- West Lagoon view of Ryan Park.
- Interactive map of Leo J. Ryan Memorial Park
- Type: Recreational park
- Location: Foster City, California
- Coordinates: 37°33′31″N 122°16′18″W﻿ / ﻿37.55856°N 122.27153°W
- Area: 20.75 acres (8.40 ha)
- Created: Rededicated on November 13, 2005
- Operator: Foster City government
- Status: Open

= Leo J. Ryan Memorial Park =

Recreational city park in Foster City, California

Leo J. Ryan Memorial Park is a recreational city park, located in Foster City, California and run by the city government and local citizens. Originally called "Central Park", the park was renamed in 1979 in honor and memory of Congressman Leo J. Ryan, who was assassinated in 1978 in Guyana on orders from Jim Jones.

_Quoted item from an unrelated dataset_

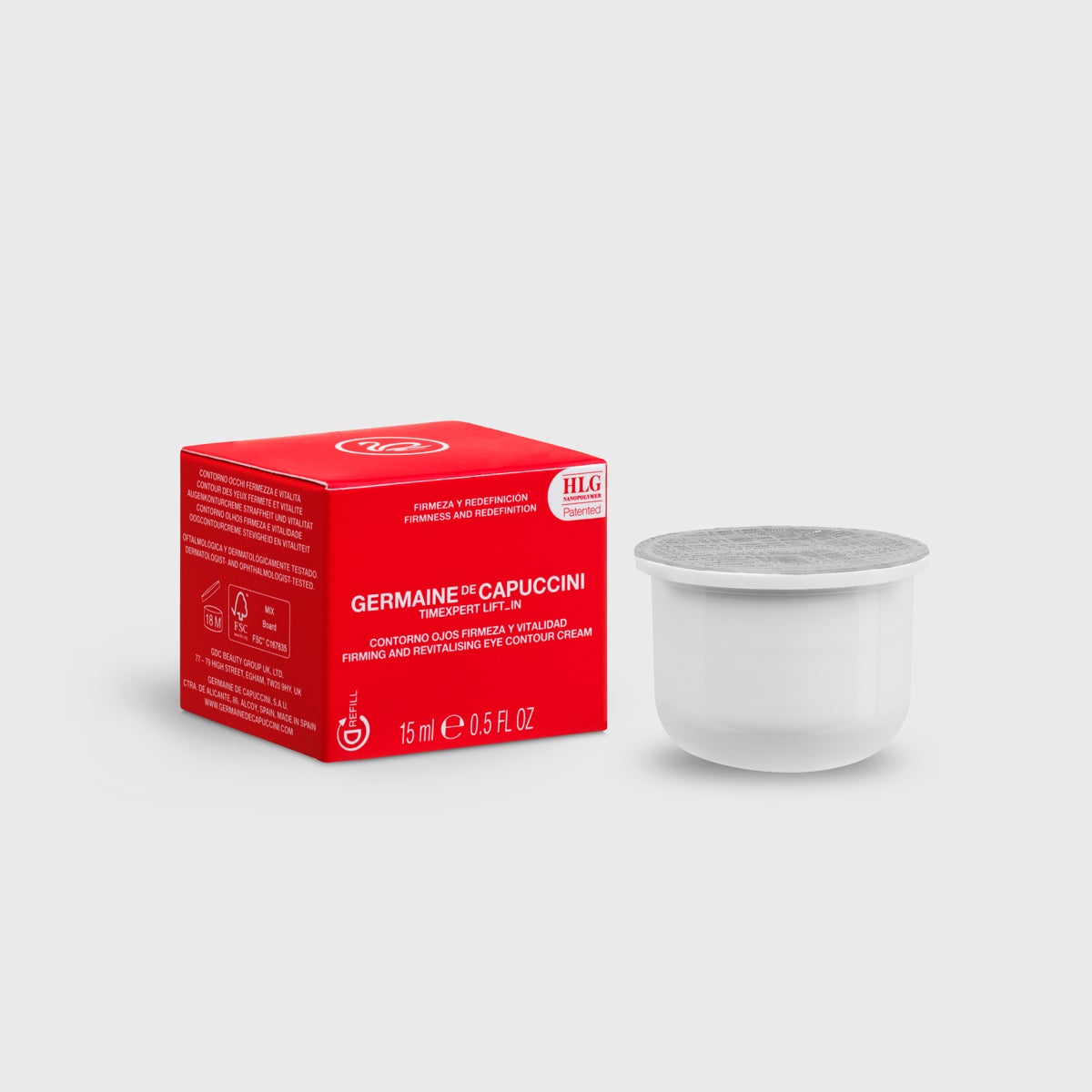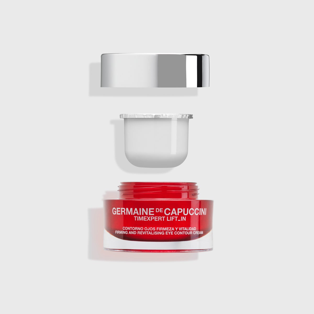 Your Lift_IN eye contour, now in Eco Refill to care for your skin and reduce waste. The refill is designed to fit into the original packaging of TIMEXPERT LIFT_IN Firmness and Vitality Eye Contour, maintaining the same formula, the same texture, and the same results, in a refillable format.

The park is situated on 20 acre which overlook Foster City's lagoon. The park houses the William E. Walker Recreation Center, and includes a waterfront, outdoor amphitheatre, sailboat tie-up facilities, boardwalk, lawn areas, and a gazebo on the lake. There is a pathway that goes around the perimeter of the park, which also has ADA access.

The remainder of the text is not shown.